"Czarny czwartek" 15 stycznia 2015 roku okazał się fatalny w skutkach nie tylko dla inwestorów obecnych na rynku walutowym forex. O potężnej stracie poinformował właśnie bank centralny Szwajcarii.
Dokładnie 23,3 miliarda franków - tyle wyniosła w ubiegłym roku strata, którą poniósł Bank Szwajcarii. Dla porównania w 2014 roku zysk banku wyniósł 38,3 miliarda franków. Instytucja odpowiedzialna za emisję franka szwajcarskiego opublikowała swój raport finansowy za ubiegły rok.
Z danych opublikowanych na stronie internetowej banku centralnego Szwajcarii wynika, że tak potężna strata to wynik przede wszystkim uszczuplenia rezerw w walutach obcych - ich wartość zmniejszyła się o prawie 20 miliardów franków. Do tego bank poniósł również stratę na zgromadzonym złocie.

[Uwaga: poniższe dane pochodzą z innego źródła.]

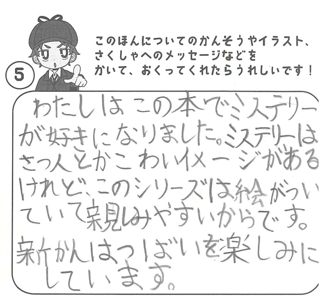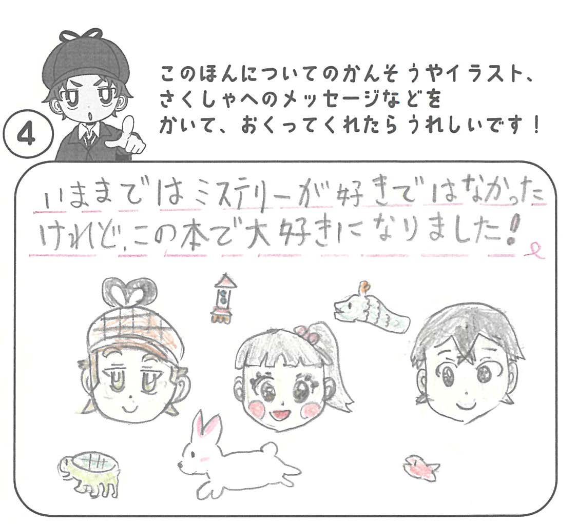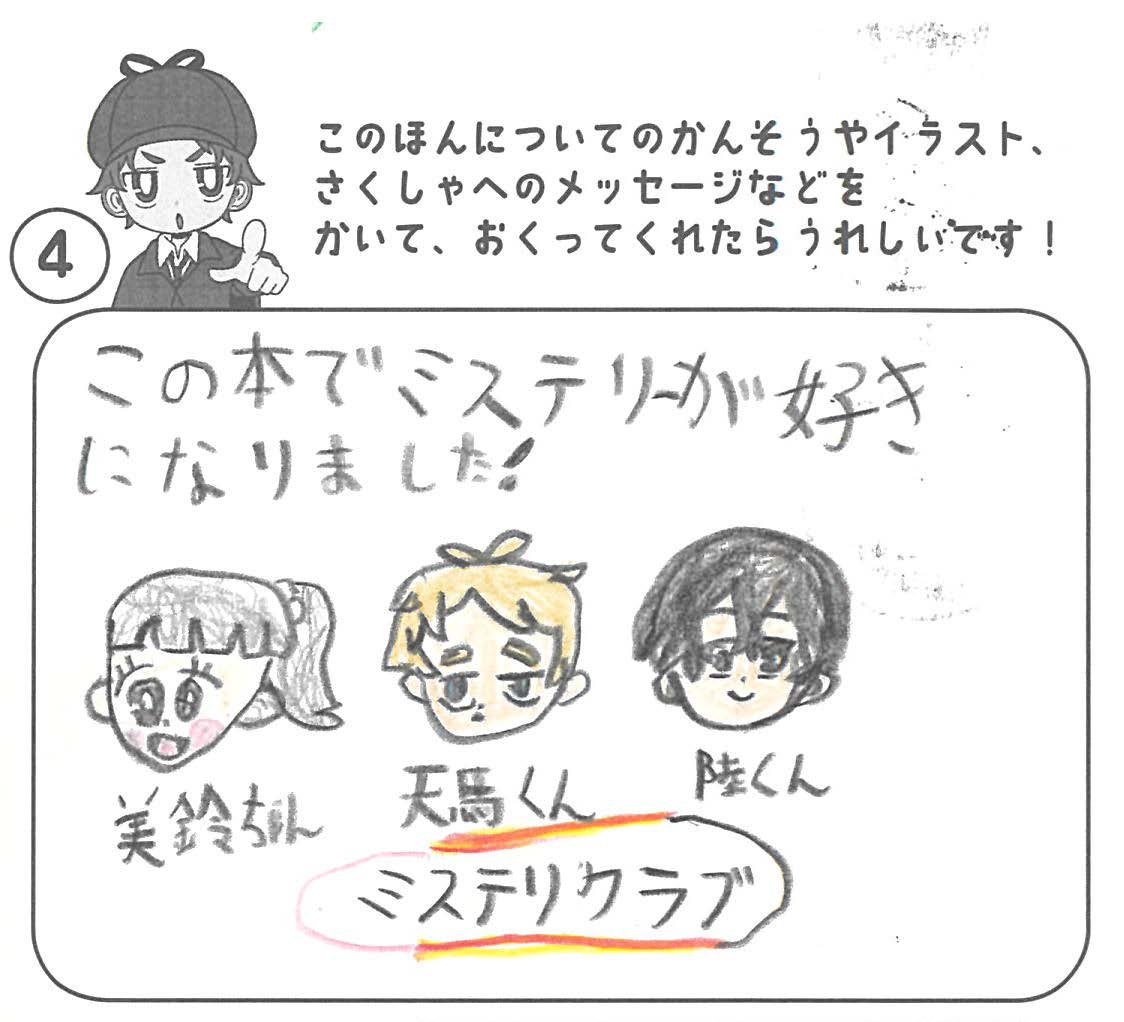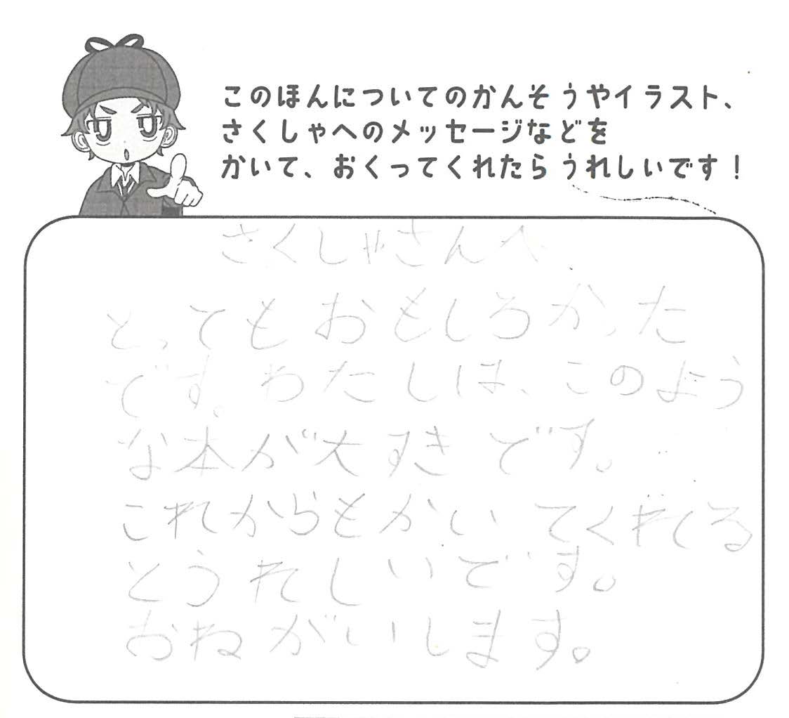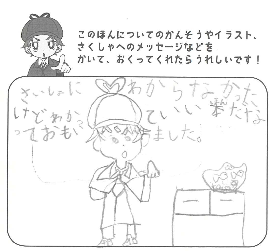 シリーズ予告もあり、嬉しいです。ミステリファンとしては、ゆくゆくは大どんでん返しや叙述トリックなども読めるだろうかとだいぶ先走った期待もしてしまいます。低年齢向けの児童書ではさすがに難しいかとも思いますが。

Jak czytamy w komunikacie banku, na wyniki miało wpływ przede wszystkim gwałtowne umocnienie franka szwajcarskiego. Pamiętny dla inwestorów na całym świecie był przede wszystkim "czarny czwartek" 15 stycznia 2015 roku. Wtedy prezes Banku Szwajcarii Thomas Jordan dość niespodziewanie ogłosił, że bank nie będzie już dłużej bronił poziomu kursu 1,20 wobec euro. Wcześniej instytucja broniła franka przed umocnieniem, by wspierać opartą na eksporcie gospodarkę Szwajcarii.
Tamtego dnia deklaracja prezesa Banku Szwajcarii spowodowała jednak bardzo gwałtowne umocnienie franka. W Polsce widać to było zwłaszcza, gdy cena franka doszła w pewnym momencie do poziomu 5,19 zł.
W money.pl od dłuższego czasu piszemy o kłopotach, które z tego powodu spotkały nie tylko posiadaczy kredytów we frankach szwajcarskich, ale również osoby lokujące pieniądze na rynku forex. Tych kilka minut po godzinie 10 rano spowodowało, że nie tylko stracili oszczędności, ale wpadli w poważne długi. Niektórzy weszli w spory sądowe z domami maklerskimi i bankami, które ponownie rozliczały im transakcje po niekorzystnych cenach, a dziś domagają się spłaty debetów.
W przypadku banku centralnego Szwajcarii strata będzie miała zapewne konsekwencje polityczne. Zysk instytucji co roku trafia bowiem do budżetów poszczególnych kantonów. Bank zapowiada jednak, że pomimo straty środki będą wypłacone ze zgromadzonych wcześniej rezerw na dywidendę.